«Манифест» отречения Императора Николая II в пользу Великого Князя Михаила Александровича
«Манифест» отречения Императора Николая II в пользу Великого Князя Михаила Александровича
План заговора, предусматривавший отречение Государя, был задуман задолго до февральских событий. Одним из главных его разработчиков бы А. И. Гучков. На допросе в ЧСК он сообщил: «Государь должен покинуть престол. В этом направлении кое-что делалось ещё до переворота, при помощи других сил. […] Самая мысль об отречении была мне настолько близка и родственна, что с первого момента, когда только выяснилось это шатание и потом развал власти, я и мои друзья сочли этот выход именно тем, что следовало сделать»{934}.

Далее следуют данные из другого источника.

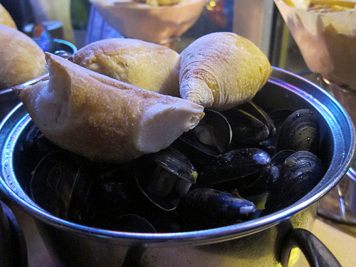 See that pot of mussels? I swore it had at least 40 mussels in it plus we had another pot of ’em.
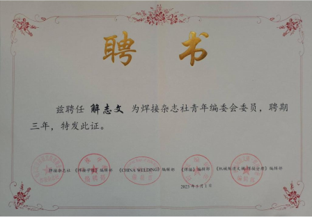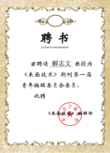 九游在线官网_九游(中国)机械学院解志文教授被聘为《表面技术》《焊接杂志社》青年编辑委员会委员
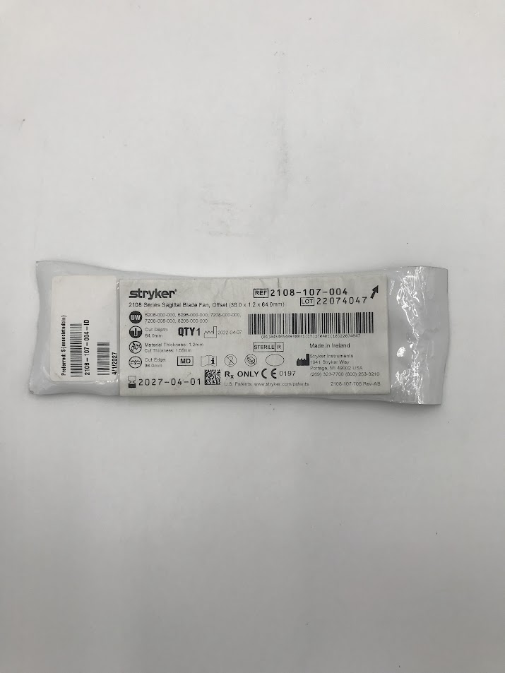 STRYKER INSTRUMENTS 2108-107-004 2108 Series Sagittal Blade Fan, Offset (36.0 x 1.2 x 64.0mm) (ID)
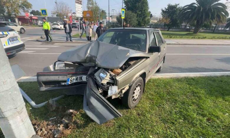 Samsun’da yayaya çarpmamak için fren yaptı, direğe çarptı: 1 yaralı
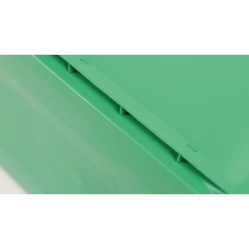 Eurowave-serien är lämplig för alla dagliga uppgifter. Ergonomisk och lätthanterlig behållare. Robust konstruerad behållare, vilket säkerställer stor stabilitet vid daglig användning. Integrerade infällda handtag för bekväm användning. Stapelbar behållare med eller utan lock enligt europeisk standard. Miljövänligt sortiment: endast återvunna material. Lättare behållare tack vare minskad användning av plast i produktionen.
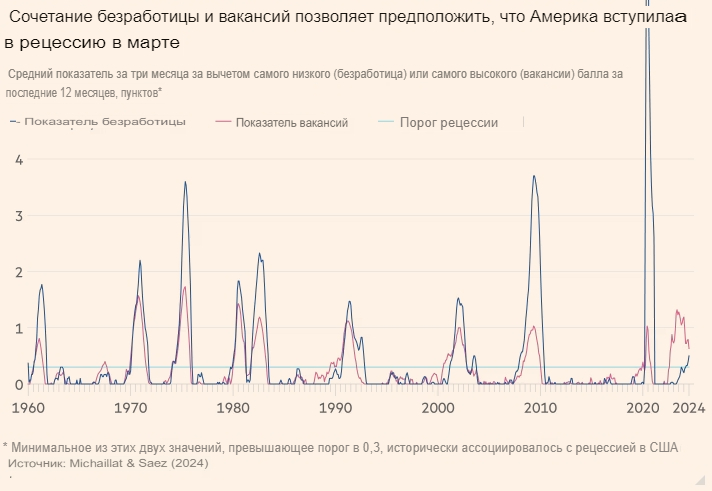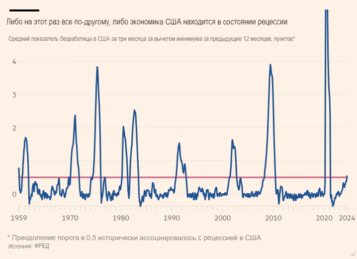 Главным из них является правило Сахма, первоначально задуманное экономистом Клаудией Сахм для запуска фискального стимулирования. Оно основано на исторической закономерности, согласно которой с 1970 года каждое увеличение более чем на 0,5 процентного пункта среднего трехмесячного показателя уровня безработицы по сравнению с его минимумом за предыдущие 12 месяцев совпадает с рецессией. Тревожно, что в июле этот индикатор вспыхнул красным цветом.

О том, что «отречение» было спланировано заранее, говорил и спутник А. И. Гучкова по поездке в Псков — В. В. Шульгин. Уже после переворота Шульгин говорил кадету Е. А. Ефимовскому: «Вопрос об отречении был предрешён. Оно произошло бы независимо от того, присутствовал Шульгин при этом или нет. Шульгин опасался, что Государь может быть убит. И ехал на станцию Дно с целью „создать щит“, чтобы убийства не произошло»{935}.

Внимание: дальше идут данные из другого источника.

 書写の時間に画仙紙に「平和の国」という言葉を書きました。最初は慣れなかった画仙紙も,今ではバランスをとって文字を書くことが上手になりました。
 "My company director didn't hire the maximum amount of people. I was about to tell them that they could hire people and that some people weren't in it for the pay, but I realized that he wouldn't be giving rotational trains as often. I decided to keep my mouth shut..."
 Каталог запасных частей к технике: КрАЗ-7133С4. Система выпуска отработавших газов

Интересно, почему В. В. Шульгин собирался ехать «создавать щит» на станцию Дно, а попал в Псков?
А. И. Гучков говорит ясно: события февраля 1917 г. «привели меня к убеждению, что нужно, во что бы то ни стало, добиться отречения Государя. Я настаивал, чтобы председатель Думы Родзянко взял бы на себя эту задачу»{936}.
Таким образом, понятно, что инициативы М. В. Родзянко по поездке в Бологое, его планы ареста Государя и требования его отречения — были инициативами и планами Гучкова. Можно не сомневаться, что все разговоры Родзянко с генералом Рузским по прямому проводу контролировались всё тем же Гучковым.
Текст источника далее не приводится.